I speak with marketing leaders every week, and the same conversation continues to surface.
The leads aren’t converting. Whilst pipeline looks healthy on paper, it isn’t translating into revenue. Naturally, the instinct is to look at the leads themselves: tighten the targeting, adjust the scoring, and rework the copy. But that’s rarely where the real problem lives.
The deal isn’t dying late. The real issue is that it was never serious to begin with.
If a buyer in your ICP doesn’t already trust your brand, you’ll show up as a feature comparison, a price check, or a line on an evaluation spreadsheet for the purposes of padding out procurement optics. You’ll technically be in the process, but won’t be in contention.
It’s easy to get caught up in bells, whistles, AI tools, platforms, and endless micro changes to the paid media plan. But at Unbound we like to start with first principles. So I ask marketing leaders one question: you know your ICP, but does your ICP know you?
The answer is almost always no.


Outbound • Inbound


The demand capture trap
Most B2B marketing budgets are built to harvest. Paid search, social ads, bottom-funnel campaigns engineered to catch buyers who are already in-market and already looking. It’s an understandable instinct, because activity of that kind is measurable, and measurable activity is easier to defend in a budget meeting than the slow, compounding work of building a market.
But the harvest game is a diminishing one.
The 95/5 rule is real: At any given moment, roughly 5% of your addressable market is actively buying.
When every competitor in your category goes after the same 5% with the same channels and the same playbook, the result is predictable. Cost per click goes up, cost per lead goes up, conversion rates drift downward. And the category self commoditizes faster than anyone can swim upstream once that train has left the station. The natural reflex is to put more budget into capture to compensate, which means the next quarter looks much like the last one. Sadly that cycle doesn’t resolve itself, but rather compounds the issue of diminishing returns in a crowded market.
Overspending on search and social for brand awareness is a particular B2B problem. Keyword-based marketing works well when you’re selling to an individual, but the average B2B purchase stakeholder group now involves nine or more people, and you don’t reach a buying committee through ads. You reach them through influence; through the kind of sustained, credible market presence that means your name is already in the room before the brief is written.
Building that kind of presence takes time, consistency, and people who genuinely understand your market.

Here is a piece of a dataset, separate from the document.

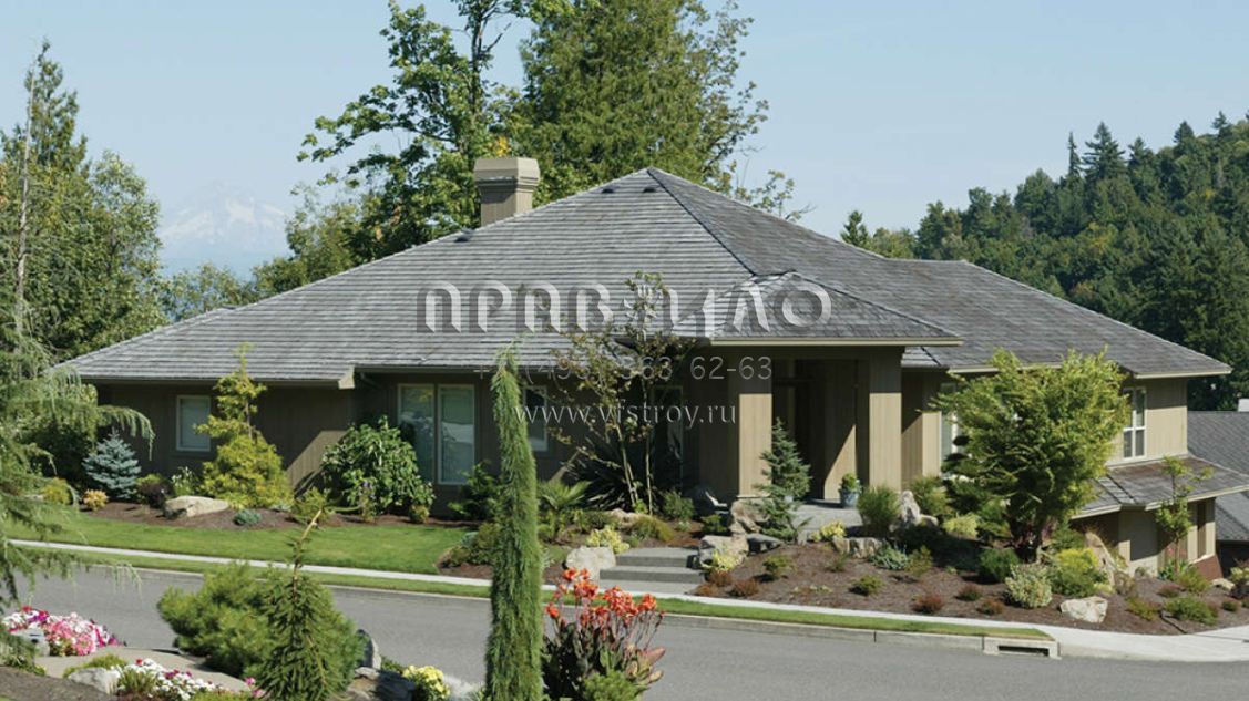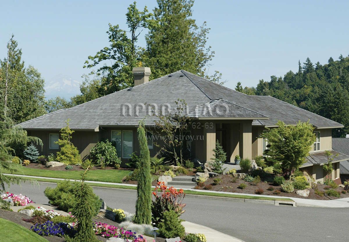 Большая площадь участка позволяет выбрать одноэтажный проект дома, особенно если в семье есть пожилые люди, инвалиды или маленькие дети.

It doesn’t happen in a quarter, and it certainly doesn’t happen by accident.
The CMO tenure problem
Inside most marketing organizations, this is harder to act on than it is to articulate.

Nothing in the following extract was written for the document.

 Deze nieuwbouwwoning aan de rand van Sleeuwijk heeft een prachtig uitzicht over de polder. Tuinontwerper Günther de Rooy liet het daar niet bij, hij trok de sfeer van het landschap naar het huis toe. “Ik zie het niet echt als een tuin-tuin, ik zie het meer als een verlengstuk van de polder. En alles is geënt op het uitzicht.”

Average CMO tenure in SMB and mid-market is now under 18 months. In a window that short, a 12-month brand refresh isn’t a bold strategic move. It’s an unfinishable project that your successor will inherit and probably abandon, only to restart the cycle.
That doesn’t mean brand stops mattering. It means the right answer is rarely a full do over .Rather, it’s a brand re-wire: targeted, faster, focused on sharpening what already exists rather than rebuilding from scratch. The ambition stays high, the timeline becomes survivable, and the team has something they can actually finish and reap the rewards of before any potential next strategy cycle resets the clock.
This matters because brand work that never completes is worse than brand work that was never started. Half-finished rebrands create internal confusion, mixed signals to the market, and a team that has burned through resource for no visible return. Better to start with something achievable and ship it.
What better balance actually looks like
The point isn’t that you should abandon demand capture. It’s that you should stop treating it as the whole strategy.
The brands that win over the long-term shape demand as well as capture it. They show up consistently and credibly enough that by the time a buyer enters an active evaluation, there is already a preferred direction in the room. Capture then does what it was designed to do, which is convert warm intent rather than manufacture cold interest.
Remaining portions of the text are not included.